Exercise aim: Please give back word for word the lines of the material below between the line containing "- Кирпичный коттедж с мансардой" and the line containing "Verleihung Denkmalschutzmedaille 2025, v.l.n.r: Gabriele", inclusive.

Provided information:
*-*-*
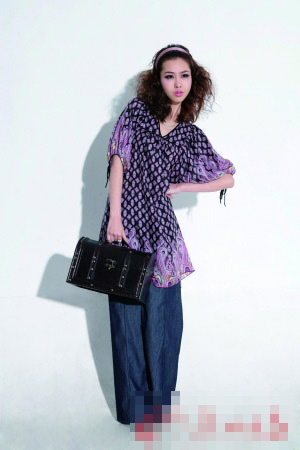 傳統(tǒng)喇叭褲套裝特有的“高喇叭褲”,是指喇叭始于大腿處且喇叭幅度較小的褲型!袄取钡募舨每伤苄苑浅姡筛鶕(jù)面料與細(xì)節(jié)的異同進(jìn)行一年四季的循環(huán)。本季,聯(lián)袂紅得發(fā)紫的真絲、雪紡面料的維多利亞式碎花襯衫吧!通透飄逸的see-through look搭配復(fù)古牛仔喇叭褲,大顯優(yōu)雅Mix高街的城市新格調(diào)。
*-*-*
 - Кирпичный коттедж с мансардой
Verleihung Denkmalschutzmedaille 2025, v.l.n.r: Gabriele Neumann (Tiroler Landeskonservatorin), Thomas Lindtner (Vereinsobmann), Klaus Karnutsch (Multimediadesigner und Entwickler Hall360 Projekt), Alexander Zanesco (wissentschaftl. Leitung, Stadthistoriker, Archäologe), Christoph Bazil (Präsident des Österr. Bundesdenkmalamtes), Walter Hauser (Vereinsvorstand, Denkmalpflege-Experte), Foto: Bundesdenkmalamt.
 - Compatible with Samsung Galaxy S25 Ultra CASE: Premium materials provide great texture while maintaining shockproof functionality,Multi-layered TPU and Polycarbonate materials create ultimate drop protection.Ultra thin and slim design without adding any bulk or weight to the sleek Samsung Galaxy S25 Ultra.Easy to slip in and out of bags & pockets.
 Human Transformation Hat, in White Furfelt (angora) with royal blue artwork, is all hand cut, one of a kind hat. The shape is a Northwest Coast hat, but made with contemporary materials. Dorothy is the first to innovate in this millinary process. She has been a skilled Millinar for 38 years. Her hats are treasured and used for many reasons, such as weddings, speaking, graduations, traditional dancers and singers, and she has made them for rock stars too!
*-*-*
Solved problem:
 - Кирпичный коттедж с мансардой
Verleihung Denkmalschutzmedaille 2025, v.l.n.r: Gabriele Neumann (Tiroler Landeskonservatorin), Thomas Lindtner (Vereinsobmann), Klaus Karnutsch (Multimediadesigner und Entwickler Hall360 Projekt), Alexander Zanesco (wissentschaftl. Leitung, Stadthistoriker, Archäologe), Christoph Bazil (Präsident des Österr. Bundesdenkmalamtes), Walter Hauser (Vereinsvorstand, Denkmalpflege-Experte), Foto: Bundesdenkmalamt.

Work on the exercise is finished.